Non sappiamo se e come Renzi vorrà accettare la richiesta, pur legittima, che proviene dal suo avversario interno, ma certo è che, sin dagli inizi, sulle primarie si è addensato uno strano clima.
A guardare bene gli esiti dei Congressi delle singole sezioni e dei circoli, la partita non ci sarebbe: Renzi ha preso più del 60% dei consensi degli iscritti, per cui, a fronte di un’analoga percentuale, in occasione del voto popolare, è chiaro che lui sarà, di nuovo, il leader del principale partito della politica italiana.
Ma, l’incertezza, legata all’incidente di Emiliano, crea una suspense di non poco peso: se i tempi si dovessero dilatare, è ovvio che l’intervento di fatti nuovi rischierebbe di mandare in aria i sogni renziani.
Le minoranze interne, quella di Orlando e quella di Emiliano, si sono compattate, per cui è ovvio che un’eventuale risposta negativa di Renzi, in merito al rinvio delle primarie, determinerebbe di conseguenza una rottura insanabile, visto che ci troveremmo di fronte alla violazione palese di una norma di un codice non scritto, che è anche più importante di tutte le leggi scritte: il rispetto dell’avversario.
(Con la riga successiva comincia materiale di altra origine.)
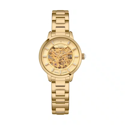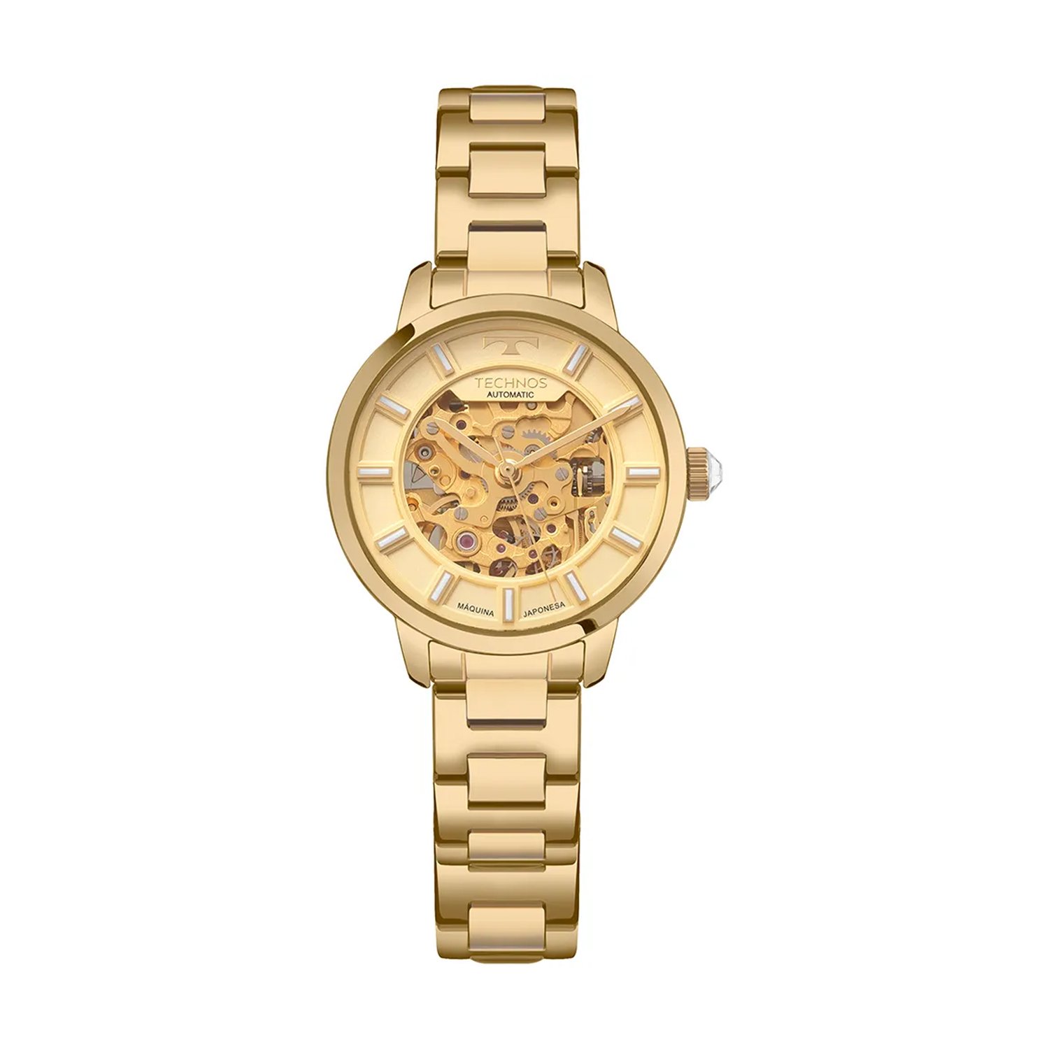 Relógio Technos Automático. Ele representa a essência da tradição relojoeira, com mostrador vazado e fundo de vidro, que deixa seu maquinismo automático skeleton sempre visível. Produto 100% em aço inoxidável em banho dourado, com resistência à água de 100m. Tamanho da caixa 32.

Così, il tendine di Emiliano è divenuto il tallone di Achille di Renzi, che deve scegliere se vincere in beata solitudine ovvero stoppare una gara già vinta e rigiocare la partita con due avversari, che certo potranno tornargli utili per dimostrare al mondo intero che il Partito è, pienamente, democratico e non è guidato da una leadership monocratica e disattenta, finanche, ad ascoltare i suoi concorrenti in difficoltà fisica.
Frattanto, la classe dirigente nobile del PD, da Prodi a Napolitano e Macaluso, ha preso posizione per Orlando, a dimostrazione del fatto che, per loro, gli effetti benefici del fenomeno Renzi si sono conclusi e che è arrivato il momento storico, finalmente, di pensare ad un partito che vada ben oltre ogni personalismo, per quanto prezioso sia stato nel recente passato.
Quale?
Forse, Renzi vincerà le primarie e, poi, qualcuno gli dirà che il suo ruolo sarà quello di mero Segretario del PD e non contestualmente, anche, di candidato Premier?
O, forse, a causa del tendine di Emiliano, le primarie non si svolgeranno affatto, per cui si entrerà in un clima di differimento, sine die, del momento reale del confronto interno?
O, forse, le primarie si svolgeranno in condizione di contumacia degli avversari di Renzi, per cui la sua vittoria sarà quella di Pirro?
Certo è che la vicenda interna del PD ci riserva, sempre, delle felici sorprese, per cui non si corre mai il rischio reale di annoiarsi con gli eredi di Berlinguer e di Moro.